Member of the Kentucky House of Representatives from the 40th district
- In office January 1, 1962 – January 1, 1964
- Preceded by: Edwin A. Rausch
- Succeeded by: Arthur L. Johnson

Personal details
- Born: Amelia Audrey Moore 1902 Alabama, US
- Died: February 9, 1987 (aged 84–85) Los Angeles, California, US
- Party: Republican
- Education: Alabama State University, University of Louisville
- Occupation: Politician, minister

= Amelia Tucker =

American politician and minister (1902–1987)

Amelia Audrey Moore Tucker (1902 – February 9, 1987) was an American politician and minister from the U.S. state of Kentucky. She was the first African-American woman elected to the Kentucky General Assembly, serving in the Kentucky House of Representatives from 1962 to 1964.

== Life and career ==
Tucker was born in Alabama in 1902 and attended Alabama State Teachers College and the University of Louisville. She moved to Louisville, Kentucky, with her husband, Charles Ewbank Tucker, in the 1920s. Her husband was bishop, and she was a minister, at the Brown Temple AMEZ Church. In the 1930s, her husband ran twice unsuccessfully on the Democratic ticket for the Kentucky House of Representatives.

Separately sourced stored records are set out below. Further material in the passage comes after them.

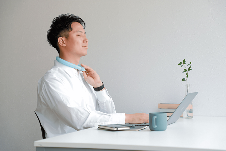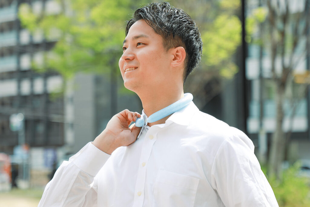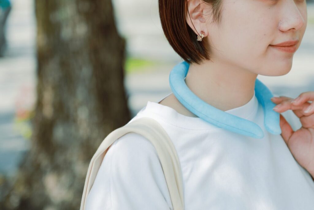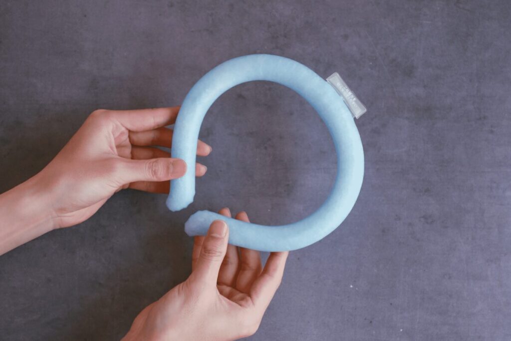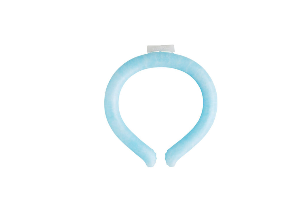 28℃未満で自然凍結するPCM素材を使用しており、改良を重ねたWリング構造により課題だった保冷持続時間を約1.8倍の3時間に延ばすことができました。電源がいらず、首に装着するだけでクールダウンできるので、熱中症対策として重宝するアイテムです。
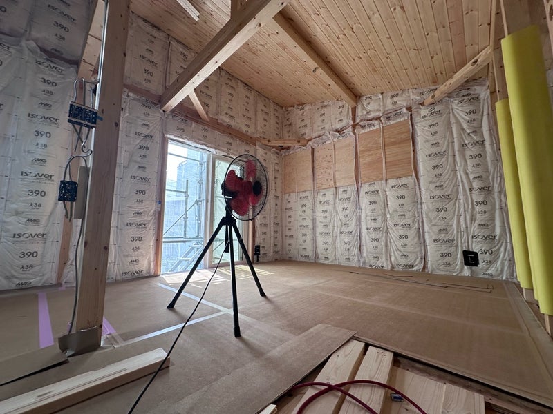 外部では外壁材の下地となる通気胴縁を施工しています。来週は外部の防水シートの監査を行い、半ば頃から外壁材本体を貼り始める予定です。どんな外壁が貼られるのか楽しみにしていてください!
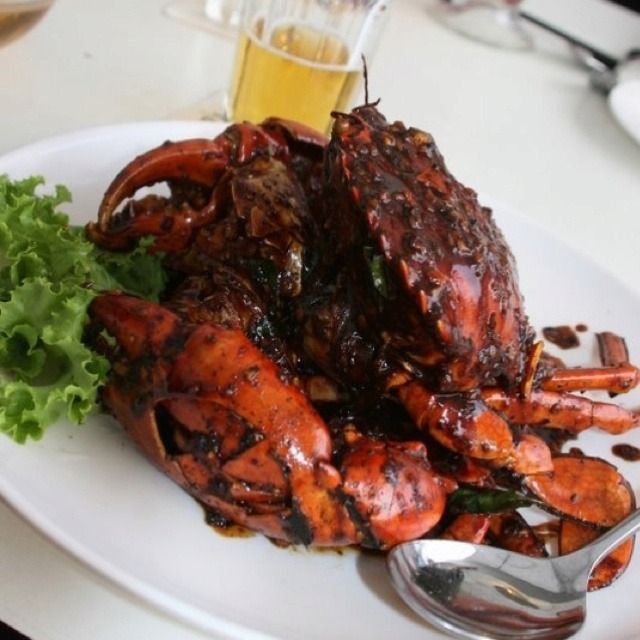 Cangkang merah-oranye gelap tertutup lapisan saus yang kental, pekat, dan berkilau. Ini adalah favoritku.
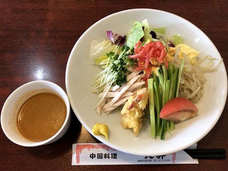 それで豊富なメニューから今回お願いしたのは、個人的にここ数年来夏場はできるだけいただこうとしている冷し中華。味付けは胡麻ダレと醤油ダレから選べたので、胡麻ダレを願いしました。

Tucker was elected to the Kentucky House of Representatives in 1961 as a Republican, defeating a Black Democratic candidate to become the first Black woman to serve in the Kentucky General Assembly and the first to serve as a Southern state legislator since Reconstruction. She served one term. She fought to bar businesses from engaging in racial discrimination and enacted a law permitting municipalities to enact their own civil rights laws. She served on President Richard Nixon's advisory council on ethnic groups during the early 1970s. She also served on the Jefferson County Republican executive committee during the 1960s and 1970s.

== Personal life ==
After her husband's death in 1975, Tucker moved to Los Angeles, where she died on February 9, 1987, and was interred at Eastern Cemetery.